36. Considering the submissions made by counsel for parties and the cases on which counsel for complainant has placed reliance, this Court has no hesitation to say that suffering of the parents of the deceased undoubtedly cannot be evaluated but it does not mean that at the same time a person who is not the cause for giving that suffering should be held responsible and be allowed to face the prosecution which is otherwise an abuse of process of law. No doctor thinks to cause any loss to his patients because ultimately it goes against him and his reputation. For the professionals success is their earning and failure in their attempt push them back. If such type of practice is appreciated and allowed to be continued that would shake the moral of the doctors. It is known to everybody that death is the only truth in this Universe and it is inevitable. There are so many reasons to face the death but without knowing actual cause on only apprehension anybody cannot be held responsible for the same. There must be strong evidence available so as to form an offence against a doctor when he was treating his patient and making efforts to save the life.”
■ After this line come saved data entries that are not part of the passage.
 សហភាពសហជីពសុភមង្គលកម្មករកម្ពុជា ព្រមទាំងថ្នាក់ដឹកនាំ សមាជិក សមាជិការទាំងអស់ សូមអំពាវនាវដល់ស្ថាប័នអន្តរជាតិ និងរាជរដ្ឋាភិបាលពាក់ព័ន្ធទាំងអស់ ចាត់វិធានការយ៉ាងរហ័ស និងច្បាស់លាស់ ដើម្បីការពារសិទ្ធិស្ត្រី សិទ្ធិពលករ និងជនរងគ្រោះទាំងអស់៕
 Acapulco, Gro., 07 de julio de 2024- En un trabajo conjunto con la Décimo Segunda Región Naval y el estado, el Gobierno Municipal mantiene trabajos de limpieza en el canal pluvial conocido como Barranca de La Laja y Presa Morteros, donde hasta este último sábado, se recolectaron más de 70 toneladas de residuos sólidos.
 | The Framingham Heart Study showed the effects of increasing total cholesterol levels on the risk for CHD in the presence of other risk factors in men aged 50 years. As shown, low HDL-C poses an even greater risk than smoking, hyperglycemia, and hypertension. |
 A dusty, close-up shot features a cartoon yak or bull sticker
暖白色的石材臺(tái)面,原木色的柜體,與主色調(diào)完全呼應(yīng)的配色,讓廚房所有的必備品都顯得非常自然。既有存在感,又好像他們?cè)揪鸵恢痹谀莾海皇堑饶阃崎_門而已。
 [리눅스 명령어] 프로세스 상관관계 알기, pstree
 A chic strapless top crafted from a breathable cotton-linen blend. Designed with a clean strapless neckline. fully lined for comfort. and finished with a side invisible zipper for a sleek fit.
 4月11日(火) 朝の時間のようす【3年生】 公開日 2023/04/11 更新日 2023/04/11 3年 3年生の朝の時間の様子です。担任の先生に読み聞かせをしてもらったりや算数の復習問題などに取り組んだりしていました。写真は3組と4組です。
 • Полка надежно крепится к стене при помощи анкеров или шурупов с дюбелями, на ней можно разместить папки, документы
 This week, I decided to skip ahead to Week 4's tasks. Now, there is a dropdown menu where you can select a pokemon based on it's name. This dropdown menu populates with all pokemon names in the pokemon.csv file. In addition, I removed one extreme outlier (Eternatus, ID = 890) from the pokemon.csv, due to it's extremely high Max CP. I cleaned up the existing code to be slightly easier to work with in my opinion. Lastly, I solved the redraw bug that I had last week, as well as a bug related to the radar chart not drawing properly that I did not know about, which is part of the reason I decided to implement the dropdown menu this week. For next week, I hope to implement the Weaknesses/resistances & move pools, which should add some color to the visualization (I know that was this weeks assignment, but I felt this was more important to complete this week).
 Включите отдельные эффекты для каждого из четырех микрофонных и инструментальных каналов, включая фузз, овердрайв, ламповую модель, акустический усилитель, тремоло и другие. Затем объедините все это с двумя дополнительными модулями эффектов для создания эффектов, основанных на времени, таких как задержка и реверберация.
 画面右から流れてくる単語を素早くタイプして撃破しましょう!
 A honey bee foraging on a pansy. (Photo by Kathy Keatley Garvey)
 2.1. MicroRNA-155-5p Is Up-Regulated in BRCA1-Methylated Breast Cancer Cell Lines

12. In view of the aforesaid legal position laid down and on perusal of record, it is clear that no material is available on record to indicate that any medical negligence has been committed by the petitioner and no report of the expert committee has been called for, as is found essential and necessary by this Court in the case of Dr. Rajesh Batra (supra) in the light of legal position laid down by the Supreme Court in the case of Jacob Mathew (supra), therefore, I am of the opinion that in absence of any report of expert committee constituted as per the direction given by the Supreme Court in Jacob Mathew (supra), medical negligence of the doctor cannot be a ground for registration of offence and doctors should not be prosecuted for the same. In the present case, it is clear that before registration of F.I.R. against the petitioner, no such report was called for and the matter was never referred to any expert committee to ascertain medical negligence on the part of petitioner and therefore, F.I.R. registered against the petitioner under Section 304 and 201 of the IPC is not proper and as such the same deserves to be set aside. However, respondent No.2 is directed that if still she is willing to initiate prosecution against the petitioner, she may approach the expert committee to prove the medical negligence and if that is done and the report of expert committee comes against the petitioner, proper proceedings can be initiated by the respondent-State to prosecute the petitioner.
13. With the aforesaid observation, the petition is allowed and the impugned F.I.R. is quashed.